The recent rise in prominent transformer-based language models (LMs) has underscored the need for research into their workings. Understanding these mechanisms is essential for the safety, fairness, reduction of biases and errors of advanced AI systems, particularly in critical contexts. Therefore, there has been an increase in research within the Natural Language Processing (NLP) community, focusing on interpretability in language models for more robust insights into their operations.
Past surveys have detailed a variety of techniques used in Explainable AI analyses and their applications within NLP. Earlier assessments primarily focused on encoder-based models such as BERT. However, the advent of decoder-only Transformers has led to developments in examining these powerful generative models. Concurrently, research has explored trends in interpretability and their correlation to AI safety, highlighting the evolving sphere of interpretability studies in the NLP domain.
Researchers from Universitat Politècnica de Catalunya, CLCG, University of Groningen, and FAIR, Meta have conducted a study that offers an in-depth technical overview of techniques used in LM interpretability research. The methods for LM interpretability discussed are categorized into two dimensions: those that localize inputs or model components for predictions and those that decode information within learned representations. Crucially, the research offers an extensive list of insights into the workings of Transformer-based LMs and provides a guide to useful tools for conducting interpretability analyses on these models.
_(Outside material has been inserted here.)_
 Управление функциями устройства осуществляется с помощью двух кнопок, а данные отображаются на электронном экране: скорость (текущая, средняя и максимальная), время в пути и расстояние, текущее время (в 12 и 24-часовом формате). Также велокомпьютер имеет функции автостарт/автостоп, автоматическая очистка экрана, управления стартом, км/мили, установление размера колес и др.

The research puts forward two types of methods allowing for localizing model behavior: input attribution and model component attribution. Both of these have already indicated valuable insights into the ways language models work. Probing uses supervised models to predict input properties from intermediate representations, whereas other methods like the Sparse Autoencoders, disentangle features in models, promoting interpretable representations. They also provide details about several open-source software libraries, such as Captum, that help facilitate interpretability studies on Transformer-based LMs.
In summary, this thorough study emphasizes the need to understand the inner workings of Transformer-based language models to ensure their safety and fairness and minimize bias. The research contributes significantly to the growing field of AI interpretability by examining interpretability techniques and the insights acquired from model analyses. The study categorization of interpretability methods enhances comprehension in the field and facilitates ongoing attempts to improve model transparency and interoperability.